1 E ele falou-lhes uma parábola com este fim, de que os homens devem sempre orar e nunca desfalecer,
2 Havia numa cidade um juiz que não respeitava Deus e que desprezava toda a gente. Certa viúva daquela cidade procurava-o com frequência, pedindo-lhe justiça contra alguém que a acusava.
2 dizendo: Havia em uma cidade um juiz que não temia a Deus, nem respeitava os homens;
3 — ausente —
3 e havia naquela cidade uma viúva; e ela veio a ele, dizendo: Vingue-me do meu adversário.
4 Durante algum tempo o juiz não fez caso dela, mas por fim a sua presença começou a enervá-lo. 'Eu não respeito nem Deus nem os homens
4 E por algum tempo ele não quis; mas depois ele disse consigo: Ainda que eu não temo a Deus, nem respeito os homens,
5 — ausente —
5 todavia, como esta viúva me incomoda, vou vingá-la, para que ela não continue a vir me cansar.
6 E o Senhor acrescentou: Se mesmo um juiz mau acabou por agir assim, não acham que Deus fará certamente justiça ao seu povo, que lhe dirige as suas orações dia e noite?
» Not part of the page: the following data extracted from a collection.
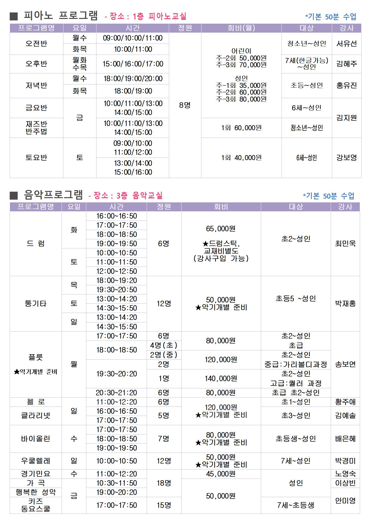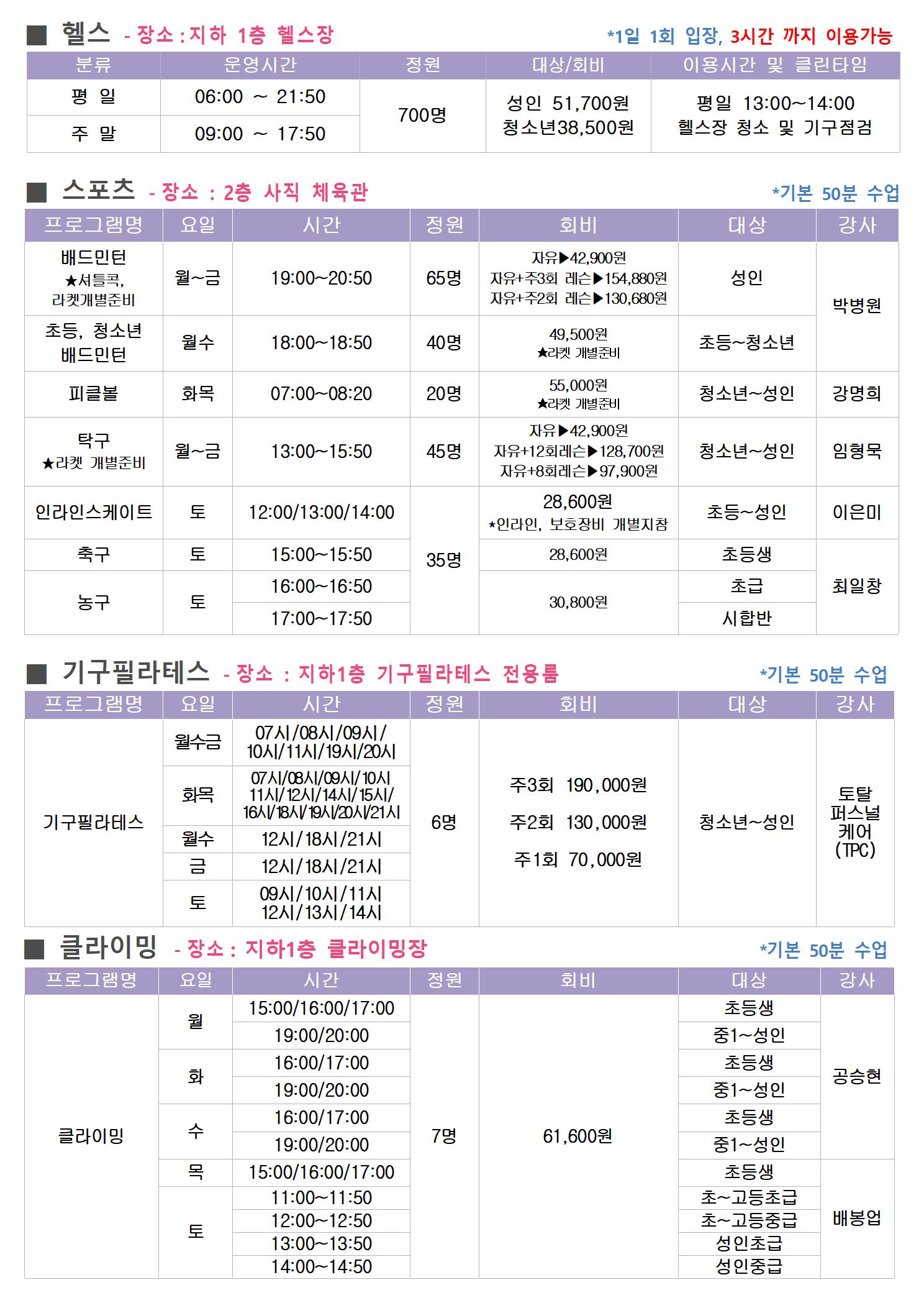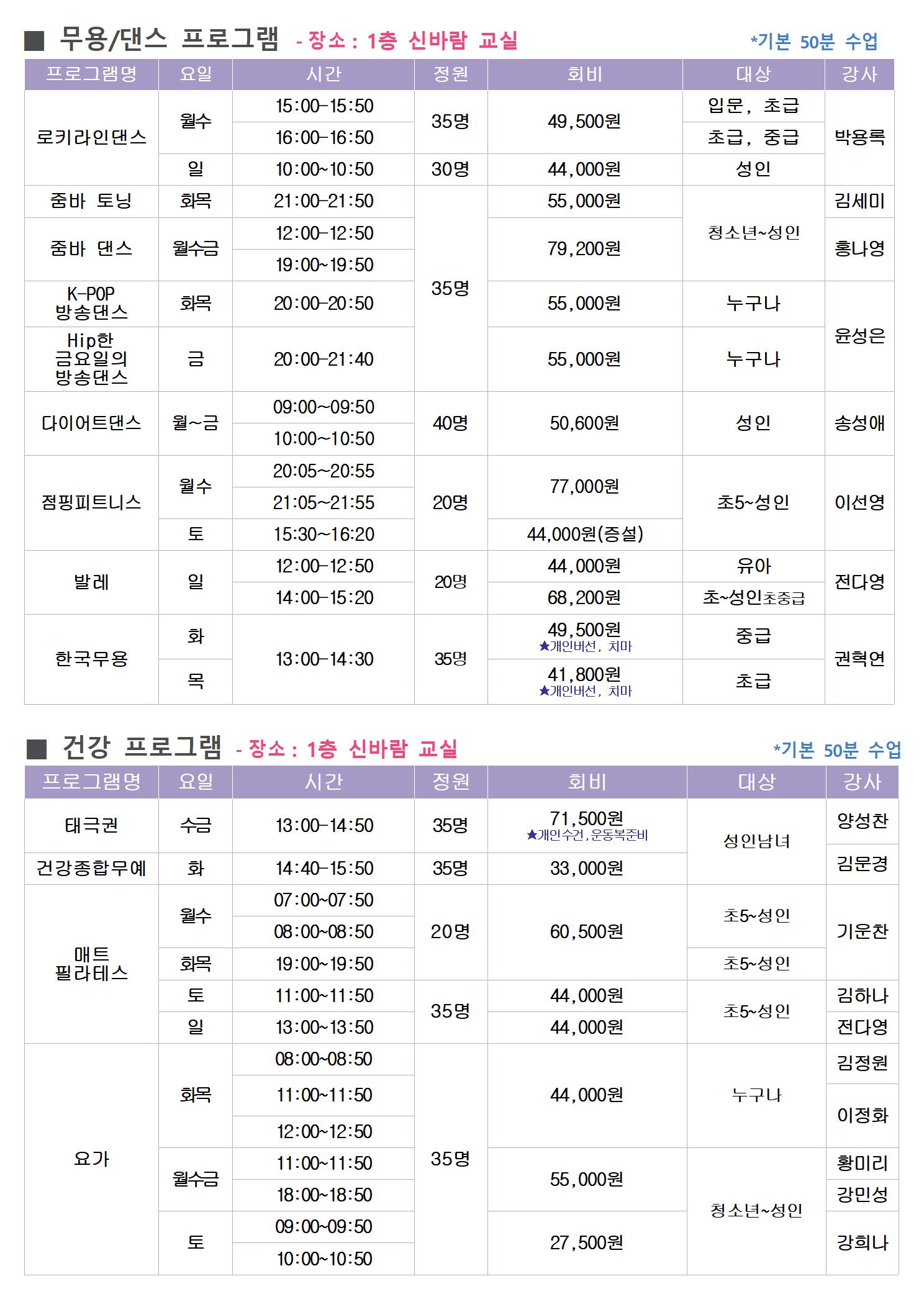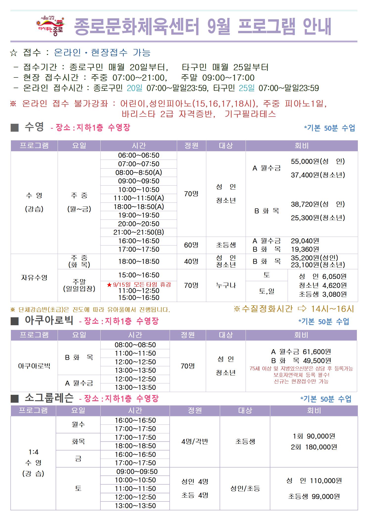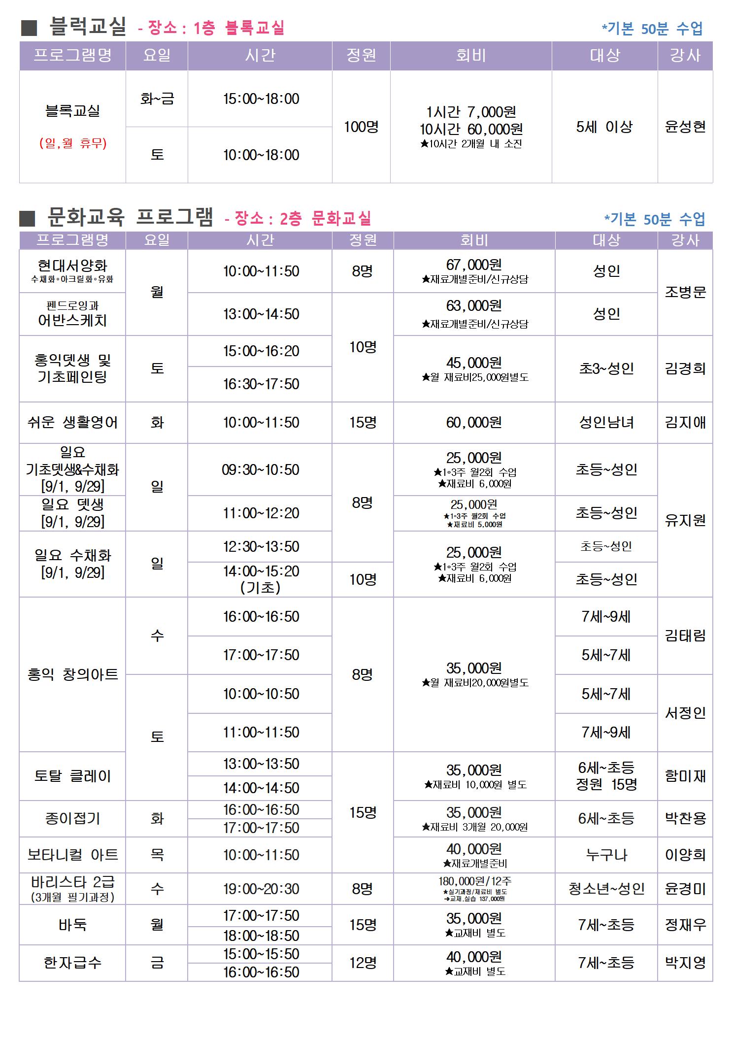 공지사항 게시판 상세 9월 접수 및 프로그램 안내 시설명 종로문화체육센터 등록일 2024년 8월 19일 13시 12분 조회수 2,633 파일 제목을 입력하세요 (9).jpg [ Size : 710.85KB , Down : 158 ] 미리보기 다운로드 문화체육센터 9월 운영프로그램001.jpg [ Size : 383.62KB , Down : 150 ] 미리보기 다운로드 문화체육센터 9월 운영프로그램002.jpg [ Size : 371.88KB , Down : 115 ] 미리보기 다운로드 문화체육센터 9월 운영프로그램003.jpg [ Size : 347.17KB , Down : 119 ] 미리보기 다운로드 문화체육센터 9월 운영프로그램004.jpg [ Size : 358.15KB , Down : 132 ] 미리보기 다운로드 문화체육센터 9월 운영프로그램005.jpg [ Size : 390.62KB , Down : 119 ] 미리보기 다운로드 목록보기
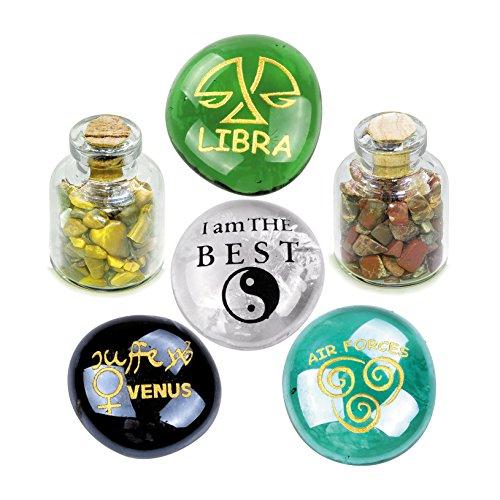 Ancient Zodiac Libra Yin Yang Powers Birthstones Tiger Eye Jasper Magical Glass Stones Bottles Set
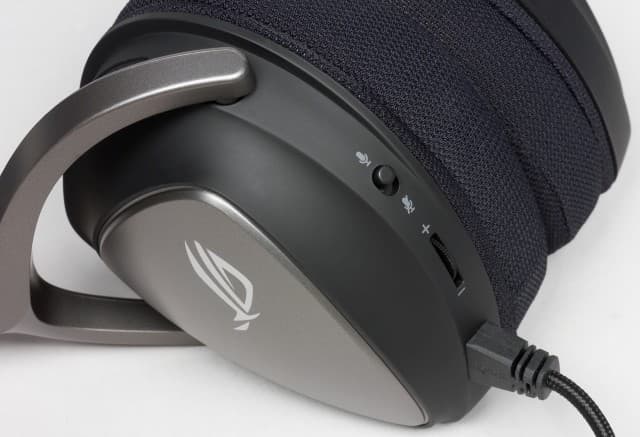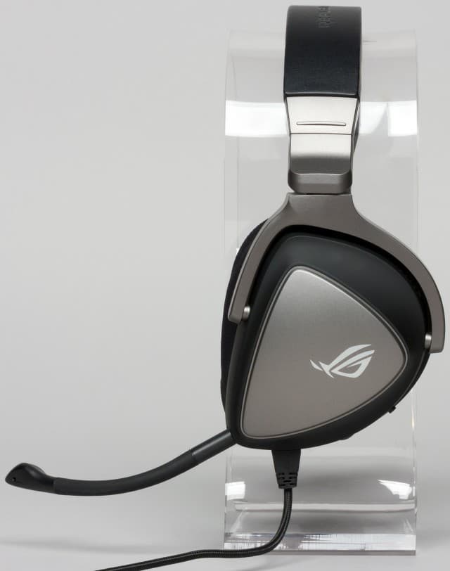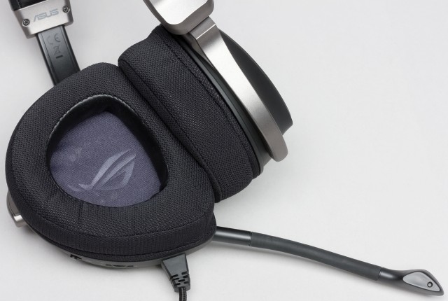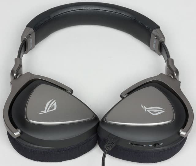 Гарнитура оформлена в строгих чёрно-серых тонах с акцентами серебристого цвета в виде логотипа ROG на чашках.
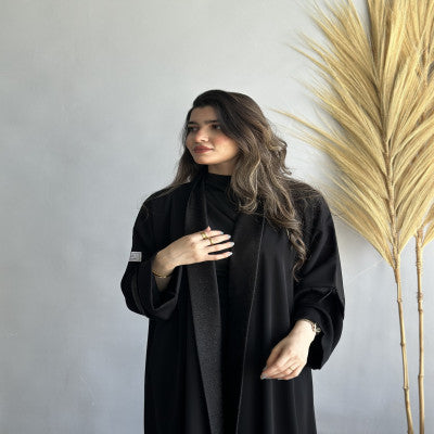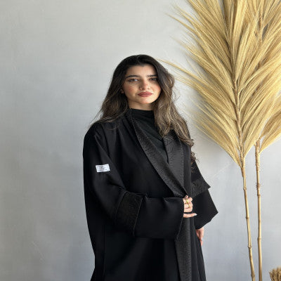 عباية ارينا بلون اسود ملكي مع تفاصيل  مشجره على الياقة والاكمام
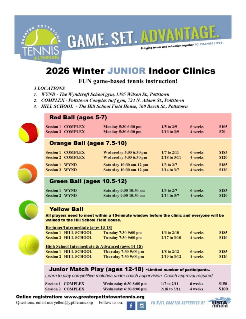 Sign up for fun game-based tennis lessons. GPTL mentors youth development, not just player development. Our coaches mentor tennis instruction for all ages and levels through a pathway of Red Ball, Orange Ball, Green Ball, and Yellow Ball where students learn the skills and strategies to play tennis. Outdoor sessions at the Maple St. Park tennis courts are located at 1430 Maple St., Pottstown. Indoor session locations vary.
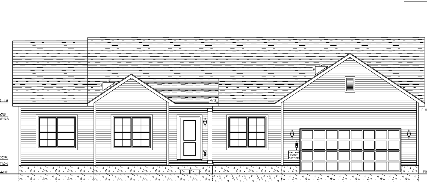 make as photorealistic as possible while keeping textures the same as selection professional landscaping in a lightly wooded scene with good lighting medium grey horizontal siding dark roof black windows white porch post to match the plan white trim and gutters white garage door match plan and a red front door with no glass
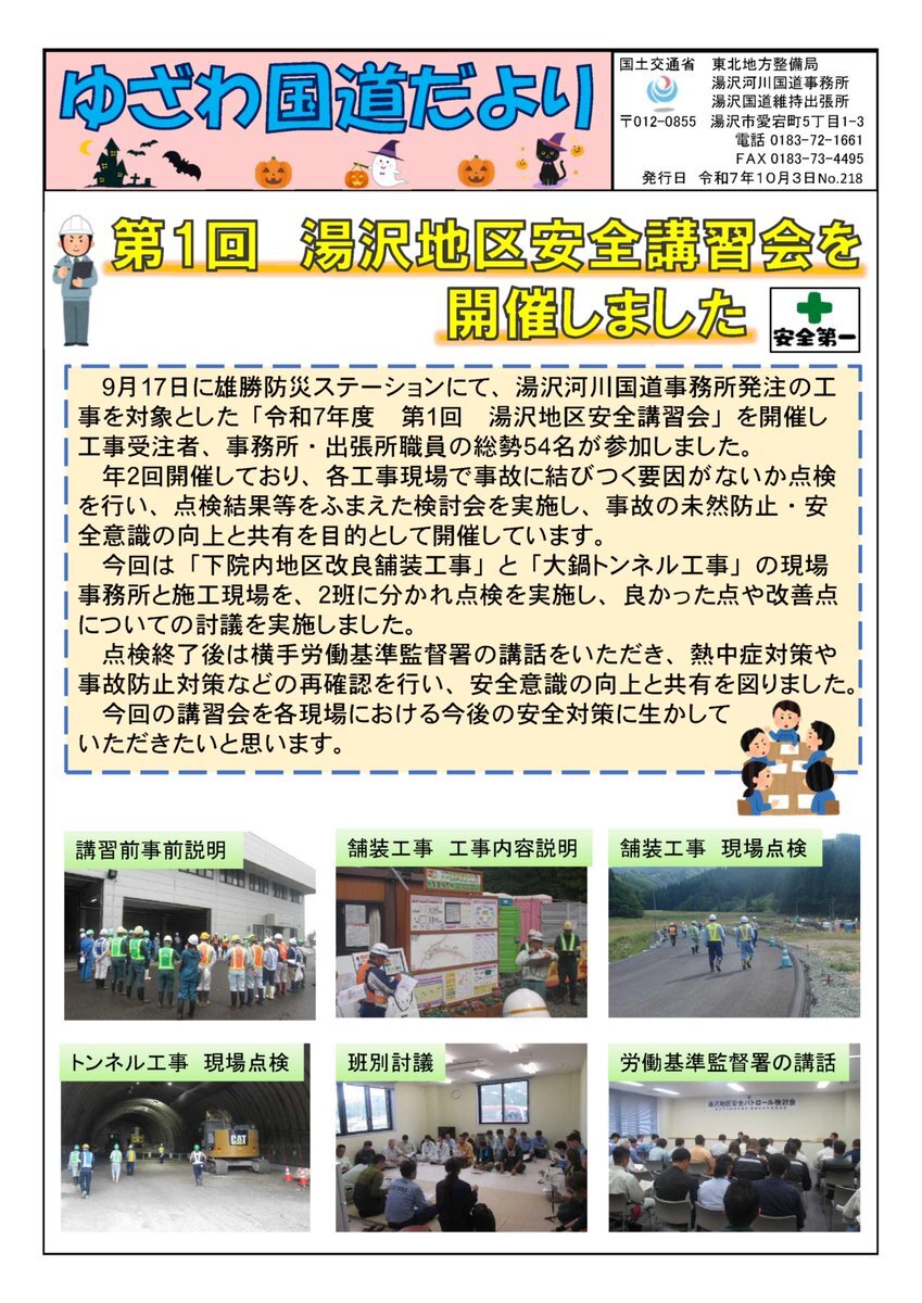 🔶出張所ニュースを発行🔶 #湯沢国道維持出張所 より「 #ゆざわ国道だより No.218」をお届けします。 今号は先月17日に行われた湯沢地区安全講習会の様子と出張所管内での工事規制のお知らせを掲載しています。ぜひご覧下さい。 #地域の守り手 #国道13号 #東北中央自動車道 pic.x.com/a5IJELM3at
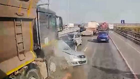 В сети появились кадры момента смертельного ДТП на трассе М-2 «Крым» в Московской области, где столкнулись семь легковых автомобилей и четыре грузовика. Их публикует Mash в Telegram-канале.
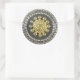 Um adesivo redondo com uma imagem de ouro ornamentado e medalhão de prata. Veja confetti e papel de empacotamento. Veja toda a coleção de adesivos Gemstones & Medallions na seção CARDS, POSTCARDS & STICKERS.
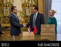 | Описание изображения: | Делегация Министерства образования, науки и технологического развития Республики Сербия посетила БГУ. Возглавил ее заместитель министра образования, науки и технологического развития по вопросам развития технологий, передачи знаний и инновационной системы Саша Стоянович. Состоялась встреча с проректором по научной работе БГУ Василием Сафоновым и начальником управления международных связей Вадимом Резниковым. Гостям представили презентацию о структуре, кадровом составе, научно-исследовательской, образовательной и практической деятельности БГУ. Василий Сафонов подчеркнул: «Университет принимает непосредственное участие в решении как фундаментальных, так и прикладных задач, которые сегодня существуют в различных сферах деятельности нашей страны». Также проректор по научной работе отметил, что в белорусском вузе осуществляется все возможное для продвижения БГУ на международном образовательном пространстве. Стороны рассмотрели перспективы возможного сотрудничества по различным направлениям в области образования и науки. «Мы поделимся информацией о вашем университете с сербскими вузами, расскажем о его потенциале и возможностях с целью укрепления и развития партнерских отношений», – подытожил заместитель министра образования, науки и технологического развития по вопросам развития технологий, передачи знаний и инновационной системы Саша Стоянович. Отметим, в настоящее время в БГУ действуют соглашения о сотрудничестве с сербскими Белградским, Приштинским университетами, Государственным университетом в Новом Пазару, а также Университетом «Business Academy» в Нови-Саде. |
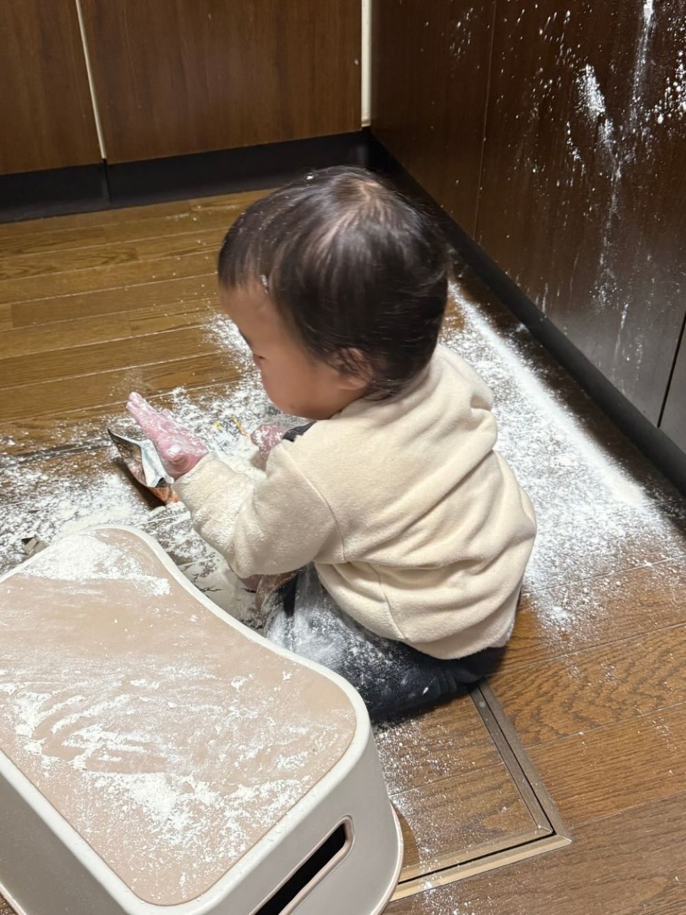 どうやら、小麦粉を入れていた引き出しを勝手に開けて取り出し、袋をひっくり返して遊んでいたようです。
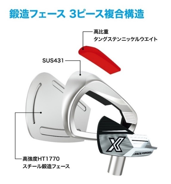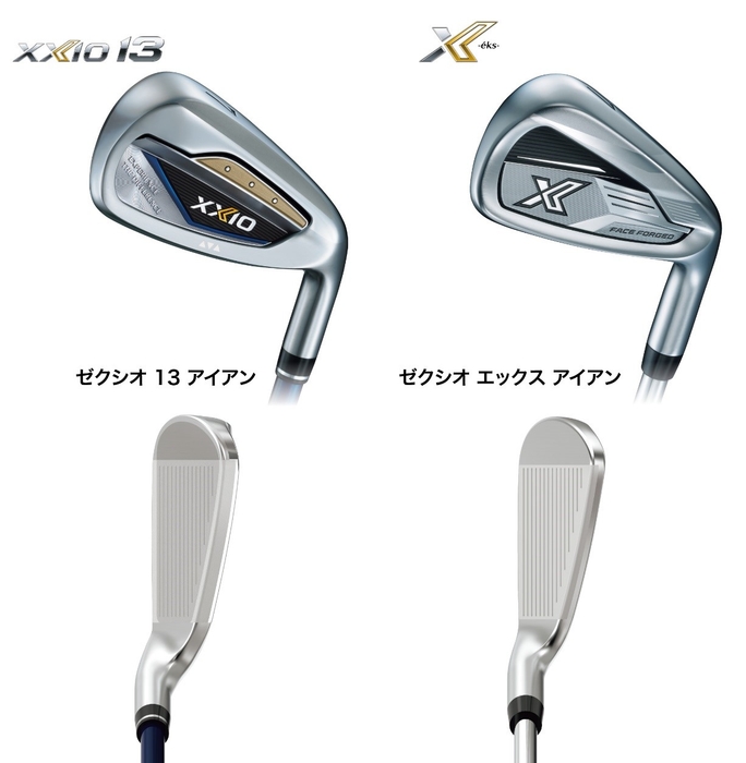 「ゼクシオ 13」は、チタンフェースの4ピース複合構造による徹底した低重心設計とアイアン版「REBOUND FRAME(リバウンドフレーム)」により、高く伸びる弾道をやさしく打つことができます。一方、「ゼクシオ エックス」アイアンは、3ピース鍛造フェース設計で低重心化を実現するとともに、フェース周辺に配置した溝とフェースの肉厚を最適に設計した「MAIN FRAME(メインフレーム)」構造によって鋭く飛び出し、高く伸びる弾道で打つことができます。
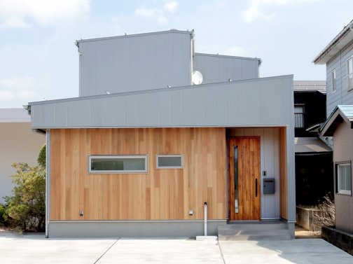 ナチュラルな木目とガルバリウム鋼板の外壁が美しく調和した、洗練された住宅です。片流れ屋根のシルエットが印象的で、シンプルながらも個性の光る外観です。外壁に使用された無垢材が、温かみと上質感を演出。プライバシーを守りながらも、自然光を取り込む横長の窓が特徴です。 …続きを読む
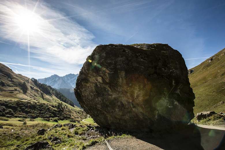 Auf der Tour kommt man auch beim Alpstein, dem größten Findling der Schweiz vorbei, welcher am Wegrand bei der Unteralp zu bestaunen ist. Sehr lohnende Mountainbiketour in der Samnaun Gebirgsgruppe.
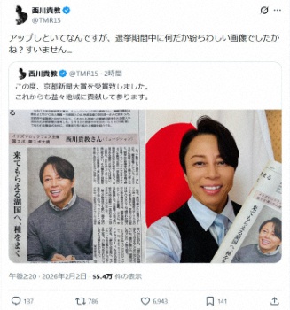 西川貴教 「選挙期間中に何だか紛らわしい画像」に反響「勘違いされる方も」「うれしい画像」の声
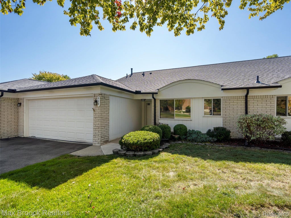 Explore this charming Ranch Condo located in the sought after Golf View Condos within a wonderful golf course community. This meticulously maintained unit features an inviting open living room with a door wall leading to a cement patio, complemented by newer vinyl flooring and fresh paint throughout. The dining area has a lovely window that provides a view of the front yard. The updated kitchen boasts granite countertops and includes all essential appliances such as a stove, refrigerator, dishwasher, and microwave. Convenience is key with first floor laundry that includes extra cabinets and granite counters, along with a washer and dryer. The primary bedroom benefits from a generous window overlooking the backyard, a spacious walk-in closet, and a ceiling fan with remote. The second bedroom also offers a window and a ceiling fan. Enjoy granite countertops in both the full and half baths. Additional features include a newer furnace and an attached two car garage. The monthly maintenance fee covers snow removal, water, sewer, trash pickup, and exterior maintenance. Don't miss the opportunity to stroll to the gazebo and pond! One Dog or one cat are allowed. See Handbook for more details.

Com certeza pois que lhes dará resposta rápida! Mas a questão é esta: Quando eu, o Filho do Homem, voltar, quantas pessoas encontrarei que tenham fé?
6 E disse o Senhor: Ouvi o que diz o injusto juiz.
7 — ausente —
7 E Deus não vingará aos seus próprios eleitos, que clamam a ele dia e noite, já que é longânimo para com eles?
8 — ausente —
8 Eu vos digo que, ele os vingará rapidamente. Quando, porém, vier o Filho do homem, porventura achará fé na terra?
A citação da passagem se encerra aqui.